Last week, fast-food workers around the United States yet again walked off the job to protest their low pay and demand a wage hike to $15 an hour, about double what many of them earn today. In doing so, they added another symbolic chapter to an eight-month-old campaign of one-day strikes that, so far, has yielded lots of news coverage, but not much in terms of tangible results.
So there's a certain irony that in Australia, where the minimum wage for full-time adult workers already comes out to about $14.50 an hour, McDonald's staffers were busy scoring an actual raise. On July 24, the country's Fair Work Commission approved a new labor agreement between the company and its employees guaranteeing them up to a up to a 15 percent pay increase by 2017.
And here's the kicker: Many Australian McDonald's workers were already making more than the minimum to begin with.
The land down under is, of course, not the only high-wage country in the world where McDonald's does lucrative business. The company actually earns more revenue out of Europe than than it does from the United States. France, with its roughly $12.00 hourly minimum, has more than 1,200 locations. (Australia has about 900).
So how exactly do McDonald's and other chains manage to turn a profit abroad while paying an hourly wage their American workers can only fantasize about while picketing? Part of the answer, as you might expect, boils down to higher prices. Academic estimates have suggested that, worldwide, worker pay accounts for at least 45 percent of a Big Mac's cost. In the United States, industry analysts tend to peg the figure a bit lower -- labor might make up anywhere from about a quarter of all expenses at your average franchise to about a third.* But generally speaking, in countries where pay is higher, so is the cost of two all beef patties, as shown in the chart below by Princeton economist Orley Ashenfelter. Note Western Europe way up there in the upper-right hand corner, with its high McWages and high Big Mac prices.
That said, not every extra dollar of worker compensation seems to get passed onto the consumer. Again, take Australia. According to the The Economist, Aussies have paid anywhere from 6 cents to 70 cents extra for their Big Macs compared to Americans over the past two years, a 1 percent to 17 percent premium. If you were to simply double the cost of labor at your average U.S. Mickey D's and tack it onto the price of a sandwich, you'd expect customers to be paying at least a dollar more.
Why don't they?
To start, some Australians actually make less than the adult minimum wage. The country allows lower pay for teenagers, and the labor deal McDonald's struck with its employees currently pays 16-year-olds roughly US$8-an-hour, not altogether different from what they'd make in the states. In an email, Greg Bamber, a professor at Australia's Monash University who has studied labor relations in the country's fast food industry, told me that as a result, McDonald's relies heavily on young workers in Australia. It's a specific quirk of the country's wage system. But it goes to show that even in generally high-pay countries, restaurants try to save on labor where they can.

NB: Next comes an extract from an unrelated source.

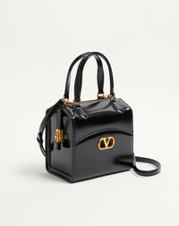Valentino Garavani Vain-Case bowling bag in shiny calfskin with metallic VLogo Signature detail. The bag may be handheld using the convenient handle or worn crossbody by using the adjustable and removable leather shoulder strap. - Hardware in antique gold finish - Zipper closure - Side twist padlock closure - Protective feet - Nappa leather lining. Interior: slip pocket with zipper - Shoulder strap drop length: 55 cm / 21.7 in. at the center hole - Dimensions: W19.5xH19xD13 cm / W7.7xH7.5xD5.1 in. - Made in Italy Product code: 7W0B0S31TAK_0NO

It's also possible that McDonald's keeps its prices down overseas by squeezing more productivity out of its workers. Researchers studying the impact of minimum wage increases on American fast food chains in the Deep South have found that while restaurants mostly cope by their raising prices, they also respond by handing their employees more responsibility. It stands to reason that in places like Europe and Australia, managers have found ways to get more mileage out of their staff as well.
Or if not, they've at least managed to replace a few of them with computers. As Michael Schaefer, an analyst with Euromonitor International, told me, fast food franchises in Europe have been some of the earliest adopters of touchscreen kiosks that let customers order without a cashier. As always, the peril of making employees more expensive is that machines become cheaper in comparison.
Finally, McDonald's has also helped its bottom line abroad by experimenting with higher margin menu items while trying to court more affluent customers. Way back in 1993, for instance, Australia became home to the first McCafe coffee shops, which sell highly profitable espresso drinks. During the last decade, meanwhile, the company gave its European restaurants a designer make-over and began offering more localized menus meant to draw a higher spending crowd.
So if President Obama waved a magic wand tomorrow and raised the minimum wage to $10 or $15, does this all mean that U.S. fast food chains would be able to cope? "Were that to happen overnight, it would be a hugely traumatic process," Schaefer told me. After all, virtually every fast food franchise in the country would have to rethink its business model as their profits evaporated. But as the international market shows, the models are out there. It would certainly mean more expensive burgers. It would almost definitely mean fewer workers, as restaurants found ways to streamline their staffs, either through better management or technology. And it might mean fewer chains catering to the bottom of the market.
But in some people's eyes, it might also be worth it.
* Ron Paul, president of the food industry consulting firm Technomic, told me that as a rule of thumb fast food franchises assume labor will make up 30-to-35 percent of their expenses. As Columbia Journalism Review's Ryan Chittum noted last week, McDonald' s reports that worker pay makes up about 30 percent of expenses at its corporate-owned restaurants. He also dug up a handy chart from Janney Capital Markets, which estimates that labor makes up 26 percent of all expenses for an average McDonald's franchisee.